Task objective
For this exercise, copy exactly the lines below from the one with "Seal標籤 貼到自己的作品上$ 。" through the one with "Ed, interesting image." and leave out the pictures.

Source information
....
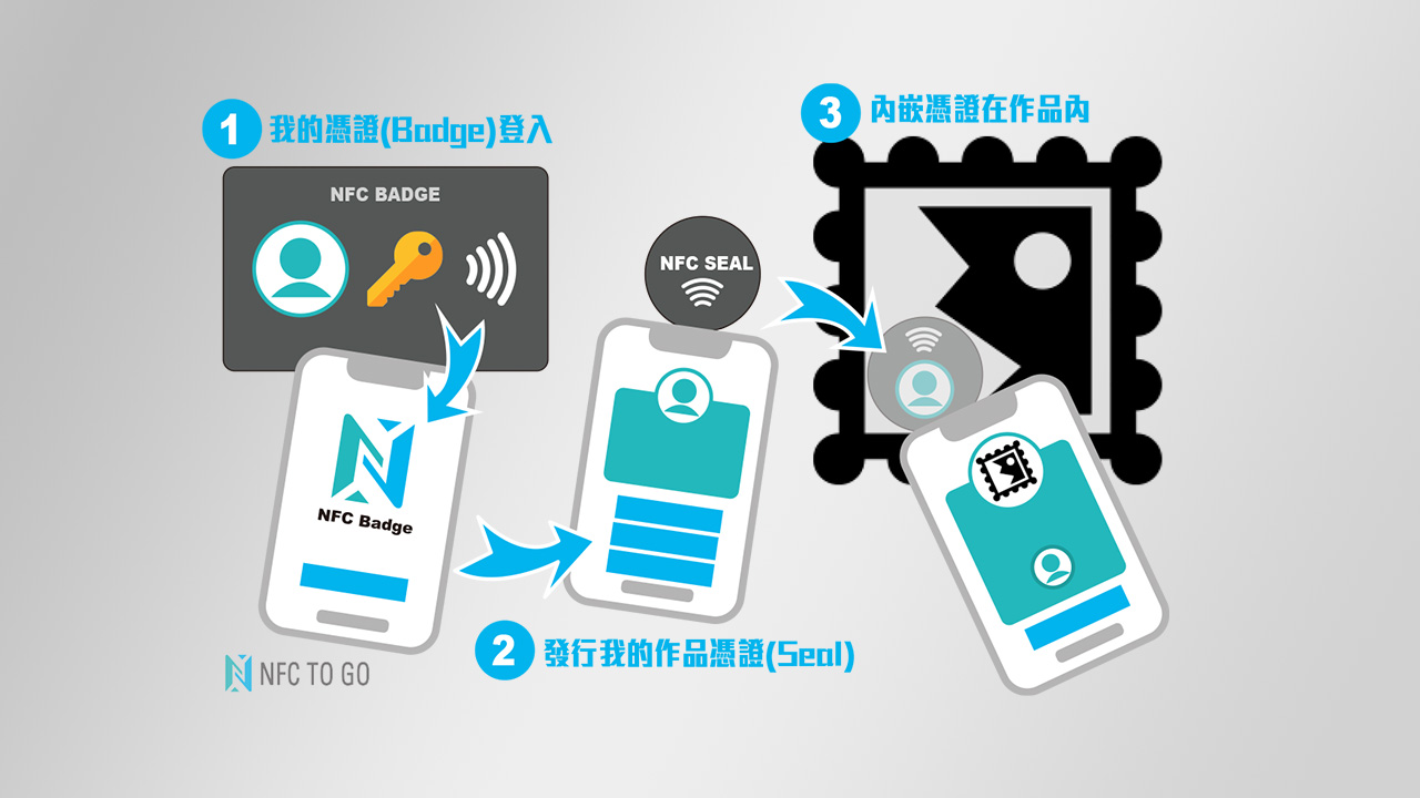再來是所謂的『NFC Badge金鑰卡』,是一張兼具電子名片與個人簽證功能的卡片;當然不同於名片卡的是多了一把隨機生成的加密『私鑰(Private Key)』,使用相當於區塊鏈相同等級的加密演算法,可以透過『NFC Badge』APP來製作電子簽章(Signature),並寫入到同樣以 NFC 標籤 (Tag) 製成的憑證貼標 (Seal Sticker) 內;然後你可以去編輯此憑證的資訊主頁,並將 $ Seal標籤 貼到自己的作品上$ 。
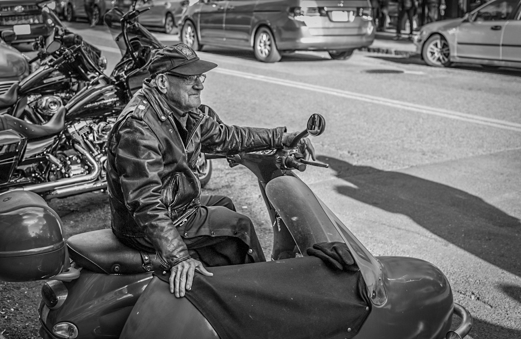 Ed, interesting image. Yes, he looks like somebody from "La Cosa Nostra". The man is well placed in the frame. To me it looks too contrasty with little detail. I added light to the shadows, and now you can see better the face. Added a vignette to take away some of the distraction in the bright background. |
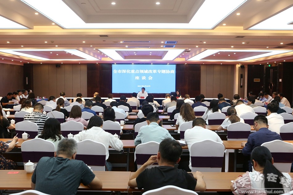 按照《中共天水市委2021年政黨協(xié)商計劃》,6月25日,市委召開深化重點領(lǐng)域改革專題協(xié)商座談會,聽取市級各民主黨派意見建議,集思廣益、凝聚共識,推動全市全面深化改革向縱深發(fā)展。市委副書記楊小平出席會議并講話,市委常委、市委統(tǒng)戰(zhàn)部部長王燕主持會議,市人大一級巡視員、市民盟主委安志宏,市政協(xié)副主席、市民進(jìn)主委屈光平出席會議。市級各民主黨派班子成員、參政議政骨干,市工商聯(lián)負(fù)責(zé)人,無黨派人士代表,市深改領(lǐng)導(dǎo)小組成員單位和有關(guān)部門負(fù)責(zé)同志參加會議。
....
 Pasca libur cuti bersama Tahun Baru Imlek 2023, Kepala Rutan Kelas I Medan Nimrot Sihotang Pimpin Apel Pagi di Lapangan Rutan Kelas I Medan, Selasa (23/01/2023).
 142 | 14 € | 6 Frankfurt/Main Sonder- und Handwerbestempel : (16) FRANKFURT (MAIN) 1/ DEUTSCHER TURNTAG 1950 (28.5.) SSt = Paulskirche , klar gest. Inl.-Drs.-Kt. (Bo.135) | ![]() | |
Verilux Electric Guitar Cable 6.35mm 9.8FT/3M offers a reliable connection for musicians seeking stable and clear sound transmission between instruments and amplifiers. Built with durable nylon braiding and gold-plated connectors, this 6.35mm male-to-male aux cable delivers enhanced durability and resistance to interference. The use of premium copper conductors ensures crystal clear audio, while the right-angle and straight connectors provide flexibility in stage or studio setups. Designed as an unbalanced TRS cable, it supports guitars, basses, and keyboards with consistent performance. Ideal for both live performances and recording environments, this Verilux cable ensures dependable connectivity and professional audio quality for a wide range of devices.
....
Written answer
再來是所謂的『NFC Badge金鑰卡』,是一張兼具電子名片與個人簽證功能的卡片;當然不同於名片卡的是多了一把隨機生成的加密『私鑰(Private Key)』,使用相當於區塊鏈相同等級的加密演算法,可以透過『NFC Badge』APP來製作電子簽章(Signature),並寫入到同樣以 NFC 標籤 (Tag) 製成的憑證貼標 (Seal Sticker) 內;然後你可以去編輯此憑證的資訊主頁,並將 $ Seal標籤 貼到自己的作品上$ 。
 Ed, interesting image. Yes, he looks like somebody from "La Cosa Nostra". The man is well placed in the frame. To me it looks too contrasty with little detail. I added light to the shadows, and now you can see better the face. Added a vignette to take away some of the distraction in the bright background. |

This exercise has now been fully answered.